Reactants

Question 1

KOC(CH3), NaOEt

Answer 1

:OC(CH3), :OEt Will steal Hydrogens from hydrocarbon chains to form double bonds (alkenes)
Also can form bonds to Carbons if there is an available leaving group (Br)

Question 2

B2H2

Answer 2

Anti Markovnikov -OH (alcohol addition)

Question 3

NaI

Answer 3

I- will replace Br- and Na+ will bind with Br

Question 4

Na2Cr2O7

Answer 4

Cr 6+ will always form acetic acid O=C-OH with alkyl carbon

Question 5

How to make -OH a leaving group?

Answer 5

Add HBr.

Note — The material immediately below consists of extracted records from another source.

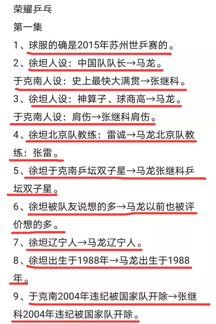有球迷统计了短短一集里,两位男主跟马龙、张继科的相似经历,可以看到,无论是他们的身份、背景、人设、出生年月日,包括于克南和张继科04年被国家队开除的经历都一模一样。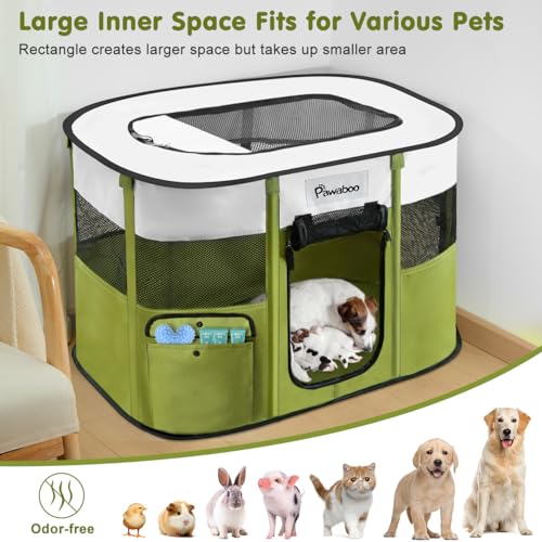 Pawaboo Gabbie per Animali Pieghevole, Recinto per Animali Domestici in Telo Oxford Impermeabile con Rete, Tenda da Gioco per Gatti Cani Cuccioli Portatile per Interno o Esterno, Verde Avocado M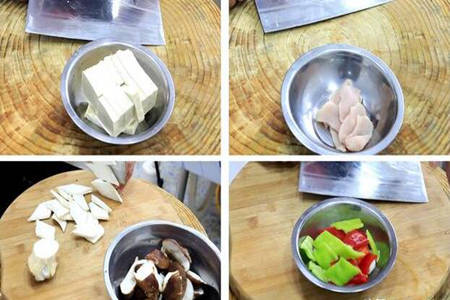 制作步骤:1、将豆腐切成块状、里脊肉切片,其他的材料配料等也都切成合适的大小放在一旁备用。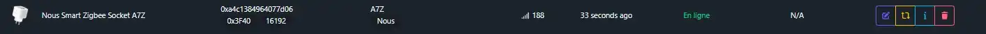 L’équipement est disponible dans la zone « Appareils », il est possible de renommer simplement en cliquant sur l’icône bleu, reconfigurer avec l’icône orange et le supprimer avec l’icône rouge.

The -OH will grab an H, become charged and leave, allowing Br to take its place on the hydrocarbon chain.

Question 6

Ozone

Answer 6

Splits double and triple bonds, turning loose ends into acetic acids.

Question 7

NaNH2

Answer 7

Powerful base that will take Hydrogens, even from triple bonded Carbons (alkynes)

Question 8

SOCl2 and pyridine

Answer 8

With primary or secondary alcohols will produce R-Cl, SO2 and HCl

Question 9

Dibromination Alkane

Answer 9

Free radical. Will add 2 Br’s to the tertiary Carbons.

Question 10

Hydroboration (B2H6)

Answer 10

Breaks double bond of alkene to form anti markovnikov alcohol. Because Boron is more electropositive than H and therefore influences the H position

Question 11

Dibromination Alkene

Answer 11

Forms triangular bromonium ion intermediate over the double bond and double bond breaks with trans addition of the second Bromide.

Question 12

Adding Hg Alkene

Answer 12

A Markovnikov alcohol addition

Question 13

Double bond O C-O-O-H Alkene

Answer 13

Epoxidation, secondary O will break double bond and form an epoxide over it.